Material shown:
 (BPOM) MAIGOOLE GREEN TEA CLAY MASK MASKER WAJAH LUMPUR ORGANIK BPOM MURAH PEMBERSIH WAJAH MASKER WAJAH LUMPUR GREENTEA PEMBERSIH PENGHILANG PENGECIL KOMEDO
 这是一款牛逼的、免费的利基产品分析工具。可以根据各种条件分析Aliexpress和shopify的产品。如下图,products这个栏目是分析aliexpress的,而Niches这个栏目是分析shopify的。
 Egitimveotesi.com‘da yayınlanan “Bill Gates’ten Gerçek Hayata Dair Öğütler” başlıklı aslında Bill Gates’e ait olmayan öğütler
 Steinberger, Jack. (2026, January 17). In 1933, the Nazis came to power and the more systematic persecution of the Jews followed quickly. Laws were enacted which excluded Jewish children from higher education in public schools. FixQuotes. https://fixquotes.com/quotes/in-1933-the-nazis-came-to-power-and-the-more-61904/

---

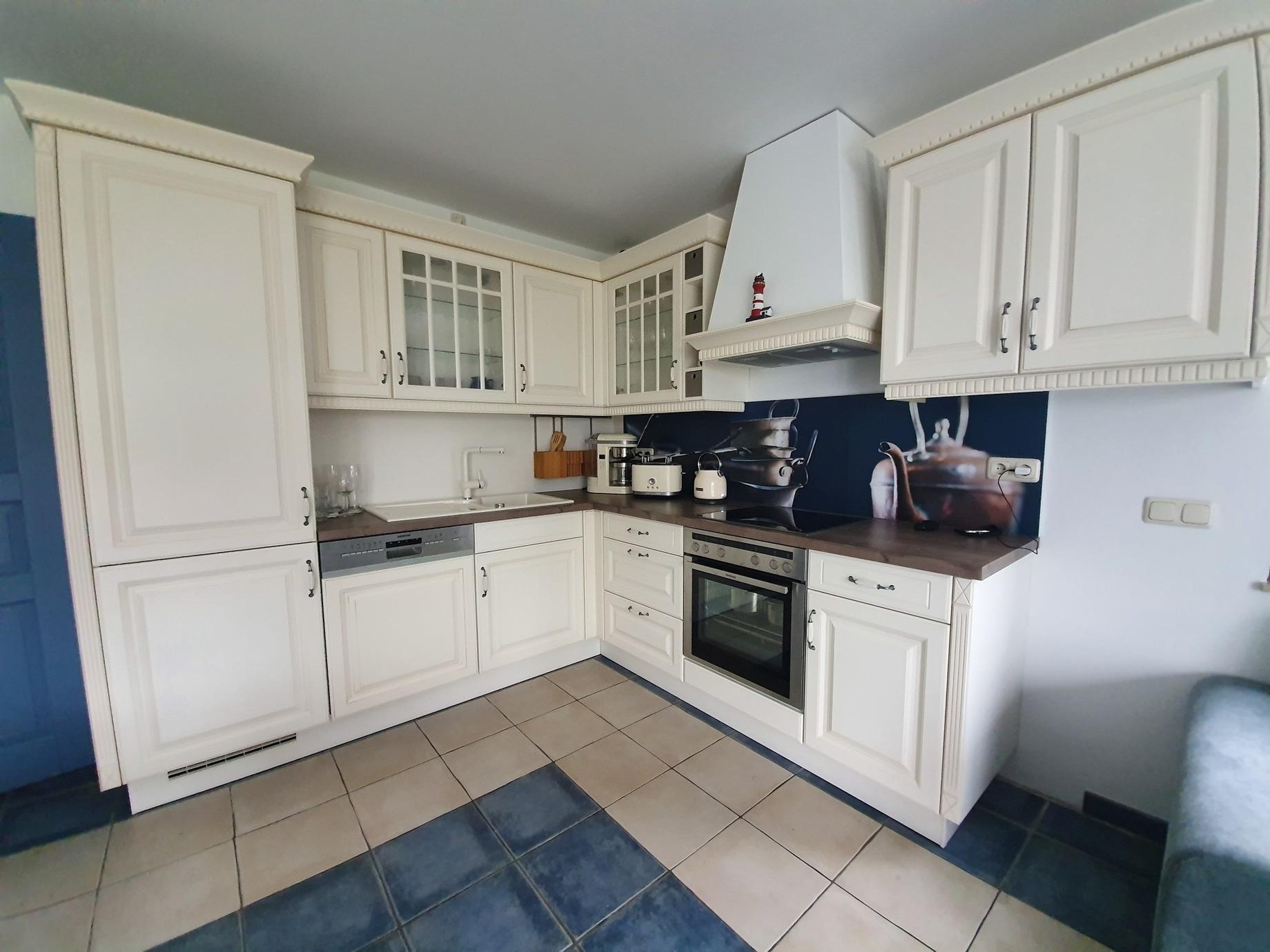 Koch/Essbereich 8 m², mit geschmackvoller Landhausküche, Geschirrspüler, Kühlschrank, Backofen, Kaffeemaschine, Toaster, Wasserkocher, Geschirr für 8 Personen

What to do:
Which lines above run from the one containing "(BPOM) MAIGOOLE GREEN" to the one containing "Steinberger, Jack. (2026, January"? Give them again exactly, both ends included.

Exercise output:
 (BPOM) MAIGOOLE GREEN TEA CLAY MASK MASKER WAJAH LUMPUR ORGANIK BPOM MURAH PEMBERSIH WAJAH MASKER WAJAH LUMPUR GREENTEA PEMBERSIH PENGHILANG PENGECIL KOMEDO
 这是一款牛逼的、免费的利基产品分析工具。可以根据各种条件分析Aliexpress和shopify的产品。如下图,products这个栏目是分析aliexpress的,而Niches这个栏目是分析shopify的。
 Egitimveotesi.com‘da yayınlanan “Bill Gates’ten Gerçek Hayata Dair Öğütler” başlıklı aslında Bill Gates’e ait olmayan öğütler
 Steinberger, Jack. (2026, January 17). In 1933, the Nazis came to power and the more systematic persecution of the Jews followed quickly. Laws were enacted which excluded Jewish children from higher education in public schools. FixQuotes. https://fixquotes.com/quotes/in-1933-the-nazis-came-to-power-and-the-more-61904/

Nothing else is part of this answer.